The Supreme Court's decision on the 2010 healthcare law may result in what appears to be a fiscal windfall for the federal government. But it would be a grave mistake for lawmakers to react to illusory savings with real new spending.
To illustrate this point, let's look at a few of the possible Supreme Court rulings—and their projected fiscal consequences.
The simplest decisions would be for the court to either uphold the legislation in its entirety, or to completely overturn it.
In the case of full implementation, federal spending is projected to increase by $1.15 trillion in the next 10 years and deficits to increase by at least $340 billion. Accordingly, in the case of the law being wholly struck down, spending will be $1.15 trillion lower over the next 10 years, and deficits would be $340 billion lower than if the law had been allowed to go into full effect.
This is not universally understood because of frequent press references to a Congressional Budget Office scoring that some have misinterpreted as meaning that the 2010 health law would reduce federal deficits. But as the Congressional Budget Office is always diligent about disclosing, this score does not evaluate the actual change in law under the 2010 statute. The effect of the actual change in law passed in 2010 is to increase deficits.
Furthermore, if the court upholds the law in its entirety, some of its most controversial cost-saving provisions may be later overridden or scaled back by Congress. In this case, it's likely that spending will increase by roughly $1.24 trillion over the next 10 years leading to a deficit increase of more than $500 billion.
Of course, the Supreme Court may only strike down parts of the law, leaving other components intact.
From the perspective of improving federal finances, a hypothetical best-case scenario would involve the court striking down most of the law's cost-increasing provisions, while allowing its cost-savings provisions to stand. While this is an attractive scenario from a fiscal perspective, the constitutional basis for such a favorable outcome is not clear based on the court's prior deliberations.
Suppose instead that only the law's health insurance purchase mandate is struck down on constitutional grounds. The Congressional Budget Office has projected that eliminating this mandate would improve federal finances by roughly $282 billion over 10 years. This would lessen the law's fiscal damage—but not by enough to make it, on net, a true fiscal gain. Moreover, this outcome might not be politically sustainable, as it would likely result in large health insurance premium increases for consumers.
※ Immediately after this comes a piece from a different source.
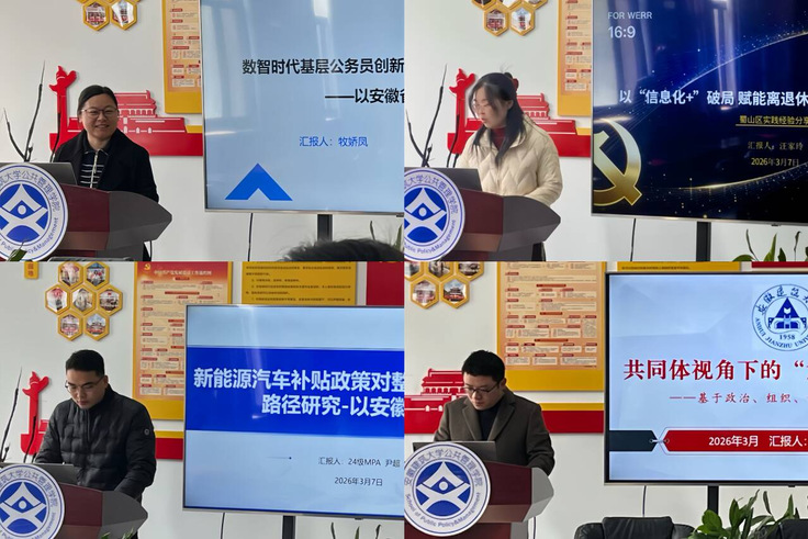 在汇报分享环节,牧娇凤以《数智时代基层公务员创新行为现状及优化路径研究——以安徽省T市为例》为题,聚焦基层治理现代化背景下的公务员队伍建设,分析了数智技术对公务员创新行为的影响机制,并提出相应的优化路径。汪家玲以《以“信息化+”破局赋能离退休干部党建高质量发展——蜀山区实践经验分享》为题,探讨信息化手段在党建和智慧养老中的应用成效,展现党建工作与数字技术融合的新路径。尹超以《新能源汽车补贴政策对整车企业的发展路径研究——以安徽省为例》为题,系统评估了补贴政策对新能源汽车产业发展的推动作用,并结合安徽实际,提出促进产业升级与绿色发展的政策建议。凤炜以《共同体视角下的“六尺巷工作法”——基于政治、组织、价值“三个认同”维度分析》为题,将中华优秀传统文化与现代社区治理相结合,从共同体构建的视角深入阐释“六尺巷工作法”的治理逻辑与实践价值。郑跃宇以《影子银行与交叉金融监管政策效果评估研究——以H市商业银行为例》为题,对金融监管政策的实施效果进行实证分析,提出了防范金融风险、优化监管机制的对策建议。韩新月以《以工代赈——一项“以务工代替赈济”的民生工程》为题,深入解读以工代赈政策在促进就业、保障民生、推动乡村振兴方面的实践成效,展现了社会保障政策的现实温度。江玲以《“亩均论英雄”改革驱动产业集聚的路径与机制研究——以安徽省怀宁县为例》为题,分析土地要素改革对产业集聚和高质量发展的驱动作用,为地方政府优化资源配置提供理论支持。陈曙光以《金寨县健全高标准农田建设验收管护机制改革试验的报告》为题,探讨高标准农田建设后期管护机制的完善路径,为农业农村基础设施长效运行提供经验借鉴。

Due to the quirks of Congress's scoring rules, this scenario would result in an "official" finding of a fiscal windfall for the federal government, even though in reality the healthcare law would still somewhat worsen the federal deficit. Some have suggested that this new fiscal credit be used to replace some of the sequestration spending cuts currently required under the Budget Control Act. But it would be very imprudent to spend net "savings" that arise on paper (i.e. under scorekeeping conventions) but not in reality.